**Your goal:**
Please copy every record below exactly and leave out the pictures.
====== Records for this task
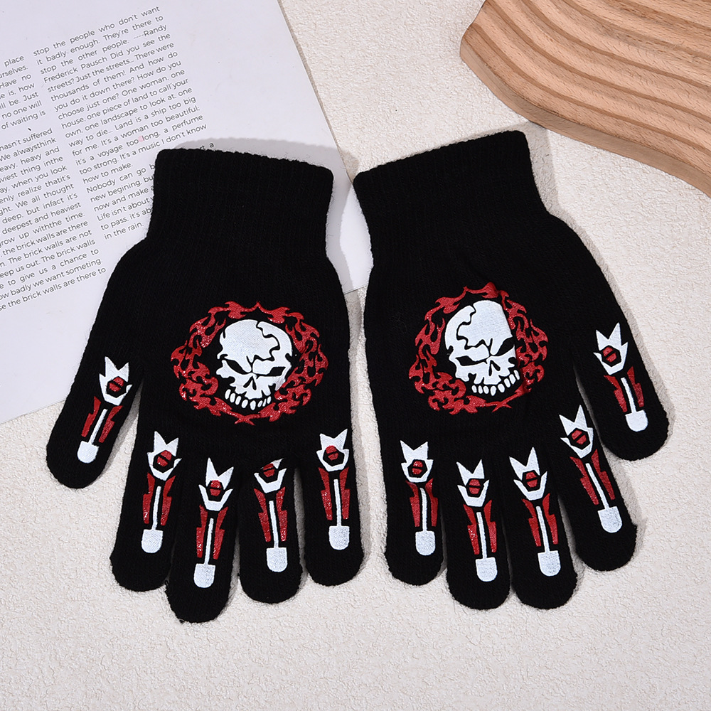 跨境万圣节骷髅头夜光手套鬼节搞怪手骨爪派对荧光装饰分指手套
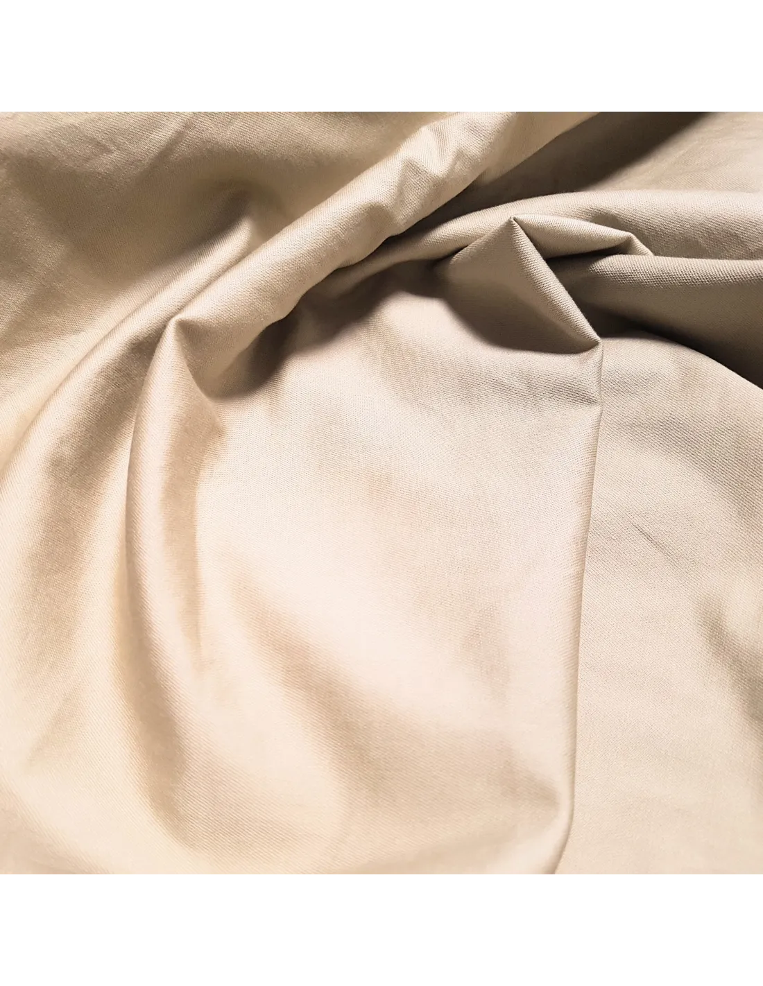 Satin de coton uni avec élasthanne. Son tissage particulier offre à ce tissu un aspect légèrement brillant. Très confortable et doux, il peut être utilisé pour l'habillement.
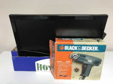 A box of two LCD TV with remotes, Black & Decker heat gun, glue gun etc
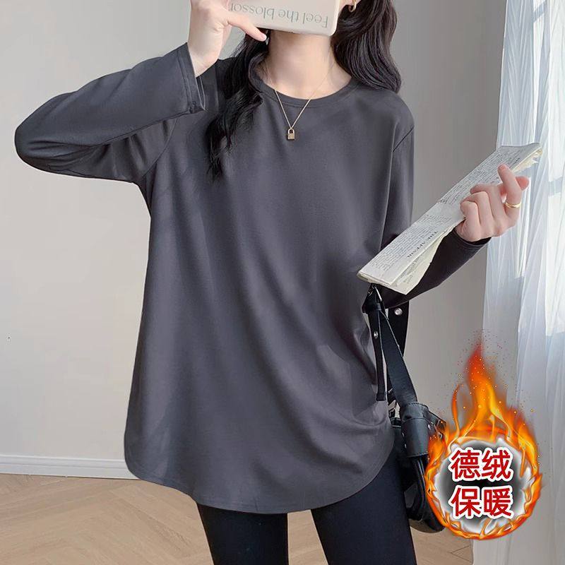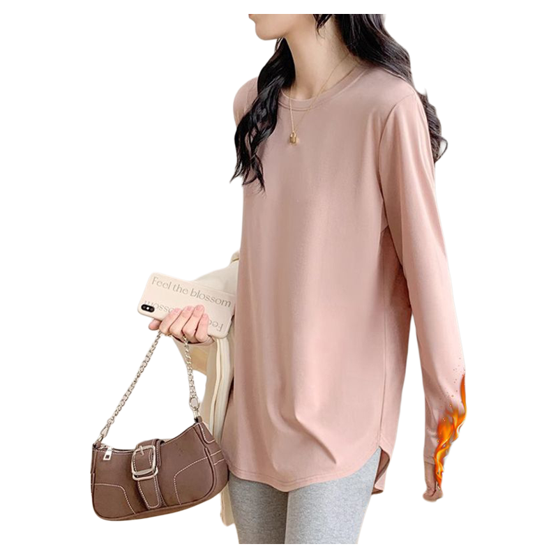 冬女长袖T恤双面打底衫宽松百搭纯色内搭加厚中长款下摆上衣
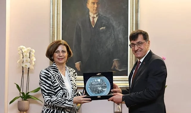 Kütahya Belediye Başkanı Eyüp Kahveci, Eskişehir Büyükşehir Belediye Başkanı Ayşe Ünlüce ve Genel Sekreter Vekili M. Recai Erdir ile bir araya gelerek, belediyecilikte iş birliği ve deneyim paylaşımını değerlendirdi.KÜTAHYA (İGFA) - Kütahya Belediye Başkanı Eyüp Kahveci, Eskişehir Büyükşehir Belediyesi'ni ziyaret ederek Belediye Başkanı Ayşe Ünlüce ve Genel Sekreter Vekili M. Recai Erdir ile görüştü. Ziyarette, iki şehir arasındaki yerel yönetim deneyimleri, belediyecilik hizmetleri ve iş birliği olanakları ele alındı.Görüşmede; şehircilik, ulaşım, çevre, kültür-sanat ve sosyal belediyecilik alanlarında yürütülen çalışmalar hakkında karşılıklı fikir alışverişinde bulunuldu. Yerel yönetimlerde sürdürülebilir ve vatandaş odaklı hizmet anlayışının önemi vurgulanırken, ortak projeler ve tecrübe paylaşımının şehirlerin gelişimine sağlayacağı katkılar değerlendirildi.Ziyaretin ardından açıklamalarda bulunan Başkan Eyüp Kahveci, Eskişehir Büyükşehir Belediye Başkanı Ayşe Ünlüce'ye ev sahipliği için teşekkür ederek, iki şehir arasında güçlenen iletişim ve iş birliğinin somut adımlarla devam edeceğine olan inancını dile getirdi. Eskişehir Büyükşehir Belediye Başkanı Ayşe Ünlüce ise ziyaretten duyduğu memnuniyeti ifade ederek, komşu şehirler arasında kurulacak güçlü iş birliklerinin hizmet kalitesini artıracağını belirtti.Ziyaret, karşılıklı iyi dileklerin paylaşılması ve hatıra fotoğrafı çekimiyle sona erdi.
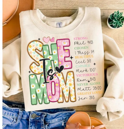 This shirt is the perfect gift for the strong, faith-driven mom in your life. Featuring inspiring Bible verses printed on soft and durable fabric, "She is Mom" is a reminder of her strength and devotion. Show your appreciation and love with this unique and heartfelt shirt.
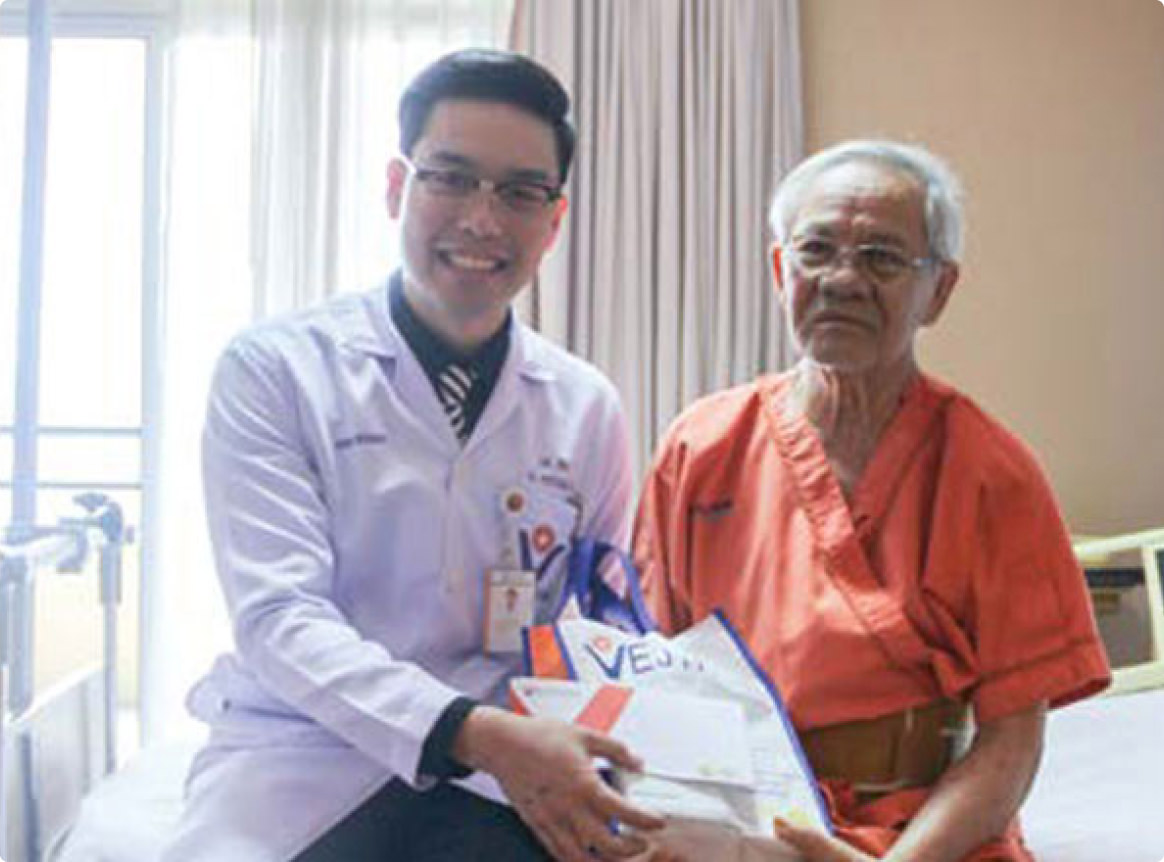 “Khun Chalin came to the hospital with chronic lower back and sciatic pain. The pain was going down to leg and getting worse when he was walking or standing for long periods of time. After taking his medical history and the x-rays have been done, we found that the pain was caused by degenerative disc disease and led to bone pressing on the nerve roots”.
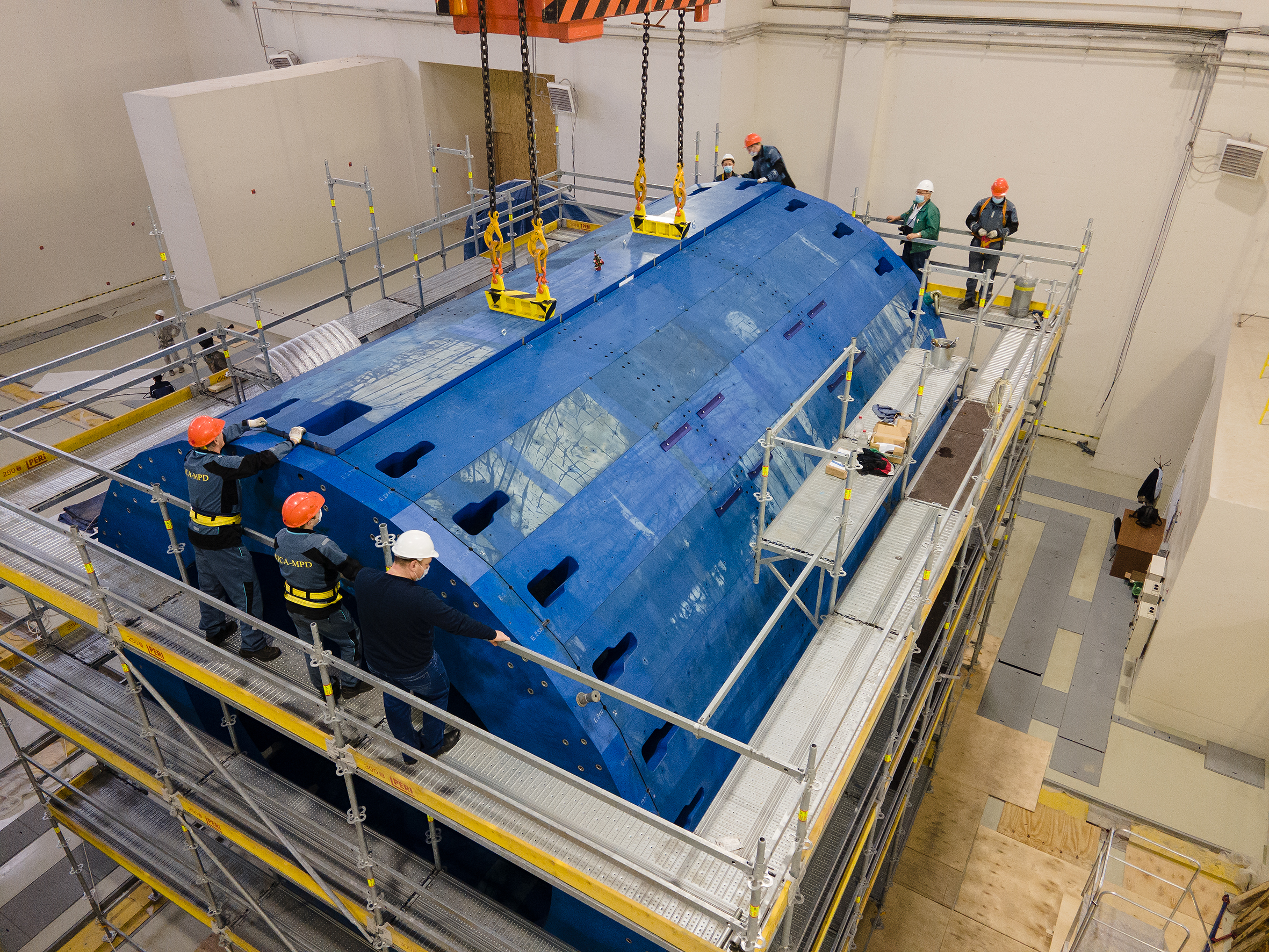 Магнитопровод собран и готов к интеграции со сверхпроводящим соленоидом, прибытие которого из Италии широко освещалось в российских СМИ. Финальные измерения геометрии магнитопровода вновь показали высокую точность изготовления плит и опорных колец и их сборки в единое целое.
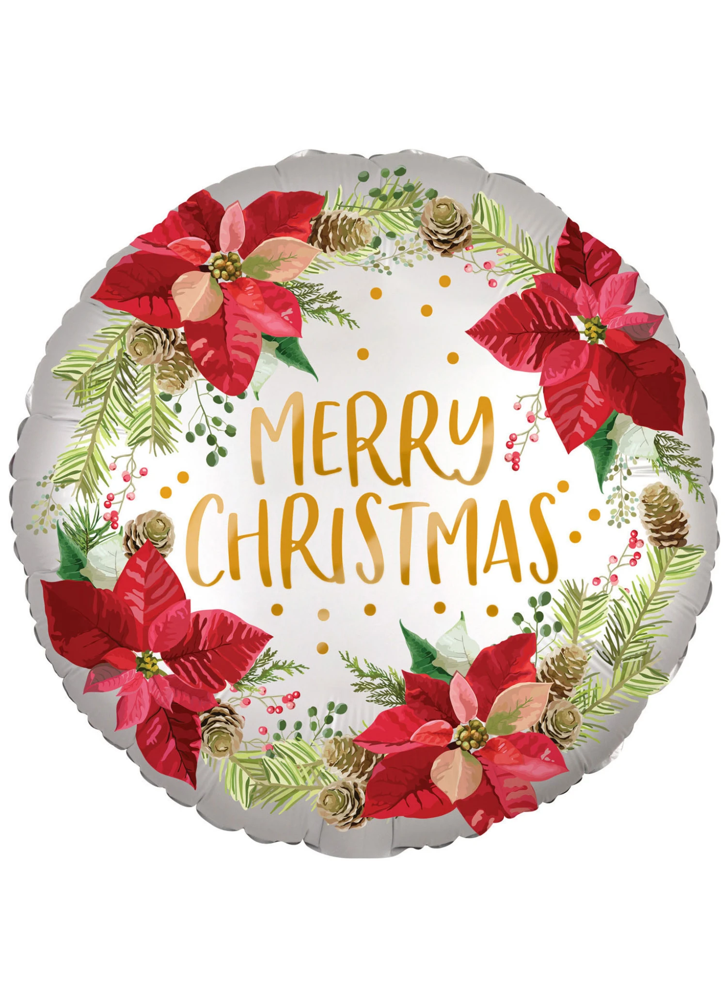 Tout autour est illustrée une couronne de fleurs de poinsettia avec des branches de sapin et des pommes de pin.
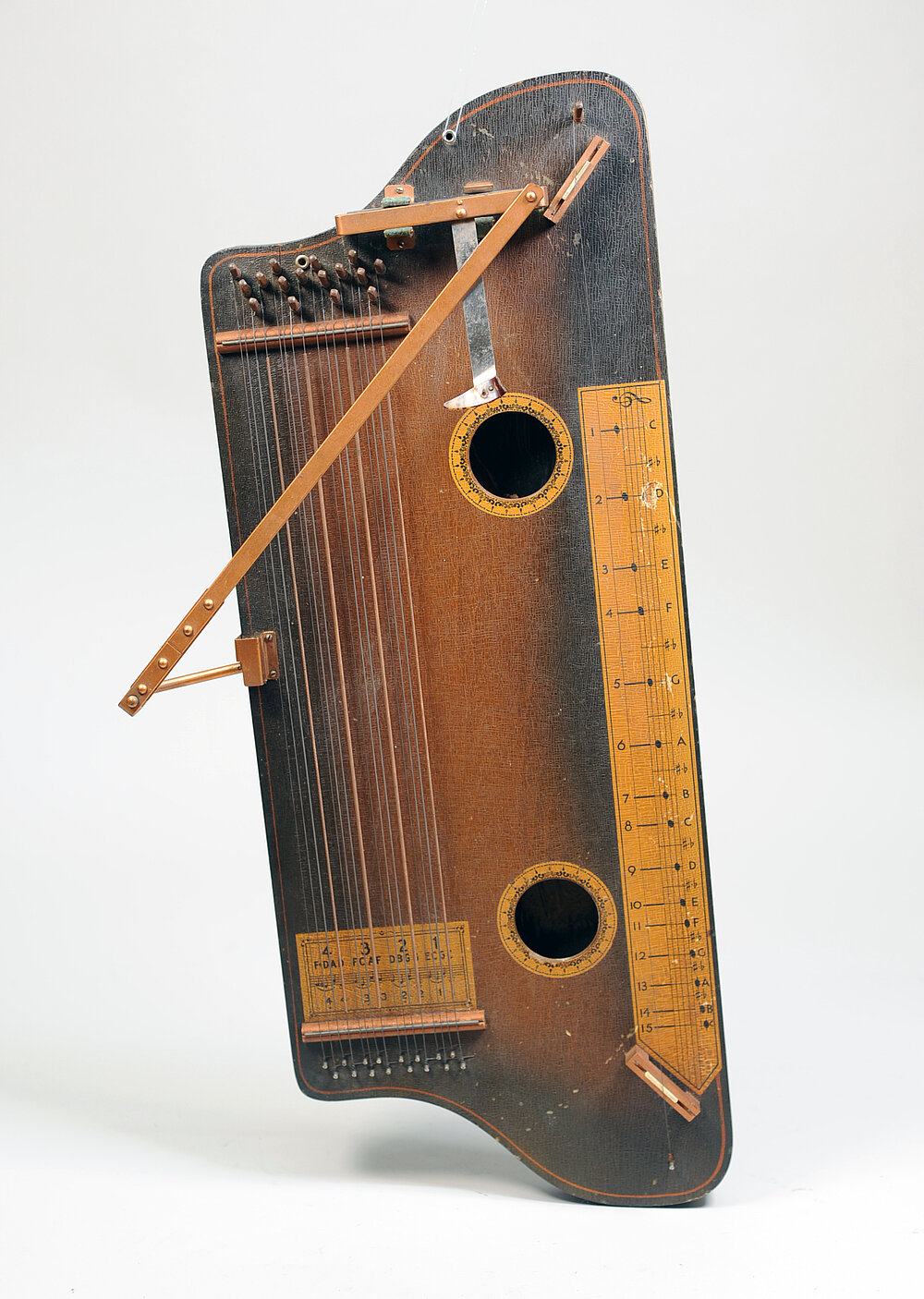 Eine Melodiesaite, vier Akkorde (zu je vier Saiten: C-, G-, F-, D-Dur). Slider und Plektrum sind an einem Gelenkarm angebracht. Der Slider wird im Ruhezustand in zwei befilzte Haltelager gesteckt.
============
**Output:**
 跨境万圣节骷髅头夜光手套鬼节搞怪手骨爪派对荧光装饰分指手套
 Satin de coton uni avec élasthanne. Son tissage particulier offre à ce tissu un aspect légèrement brillant. Très confortable et doux, il peut être utilisé pour l'habillement.
 A box of two LCD TV with remotes, Black & Decker heat gun, glue gun etc
 冬女长袖T恤双面打底衫宽松百搭纯色内搭加厚中长款下摆上衣
 Kütahya Belediye Başkanı Eyüp Kahveci, Eskişehir Büyükşehir Belediye Başkanı Ayşe Ünlüce ve Genel Sekreter Vekili M. Recai Erdir ile bir araya gelerek, belediyecilikte iş birliği ve deneyim paylaşımını değerlendirdi.KÜTAHYA (İGFA) - Kütahya Belediye Başkanı Eyüp Kahveci, Eskişehir Büyükşehir Belediyesi'ni ziyaret ederek Belediye Başkanı Ayşe Ünlüce ve Genel Sekreter Vekili M. Recai Erdir ile görüştü. Ziyarette, iki şehir arasındaki yerel yönetim deneyimleri, belediyecilik hizmetleri ve iş birliği olanakları ele alındı.Görüşmede; şehircilik, ulaşım, çevre, kültür-sanat ve sosyal belediyecilik alanlarında yürütülen çalışmalar hakkında karşılıklı fikir alışverişinde bulunuldu. Yerel yönetimlerde sürdürülebilir ve vatandaş odaklı hizmet anlayışının önemi vurgulanırken, ortak projeler ve tecrübe paylaşımının şehirlerin gelişimine sağlayacağı katkılar değerlendirildi.Ziyaretin ardından açıklamalarda bulunan Başkan Eyüp Kahveci, Eskişehir Büyükşehir Belediye Başkanı Ayşe Ünlüce'ye ev sahipliği için teşekkür ederek, iki şehir arasında güçlenen iletişim ve iş birliğinin somut adımlarla devam edeceğine olan inancını dile getirdi. Eskişehir Büyükşehir Belediye Başkanı Ayşe Ünlüce ise ziyaretten duyduğu memnuniyeti ifade ederek, komşu şehirler arasında kurulacak güçlü iş birliklerinin hizmet kalitesini artıracağını belirtti.Ziyaret, karşılıklı iyi dileklerin paylaşılması ve hatıra fotoğrafı çekimiyle sona erdi.
 This shirt is the perfect gift for the strong, faith-driven mom in your life. Featuring inspiring Bible verses printed on soft and durable fabric, "She is Mom" is a reminder of her strength and devotion. Show your appreciation and love with this unique and heartfelt shirt.
 “Khun Chalin came to the hospital with chronic lower back and sciatic pain. The pain was going down to leg and getting worse when he was walking or standing for long periods of time. After taking his medical history and the x-rays have been done, we found that the pain was caused by degenerative disc disease and led to bone pressing on the nerve roots”.
 Магнитопровод собран и готов к интеграции со сверхпроводящим соленоидом, прибытие которого из Италии широко освещалось в российских СМИ. Финальные измерения геометрии магнитопровода вновь показали высокую точность изготовления плит и опорных колец и их сборки в единое целое.
 Tout autour est illustrée une couronne de fleurs de poinsettia avec des branches de sapin et des pommes de pin.
 Eine Melodiesaite, vier Akkorde (zu je vier Saiten: C-, G-, F-, D-Dur). Slider und Plektrum sind an einem Gelenkarm angebracht. Der Slider wird im Ruhezustand in zwei befilzte Haltelager gesteckt.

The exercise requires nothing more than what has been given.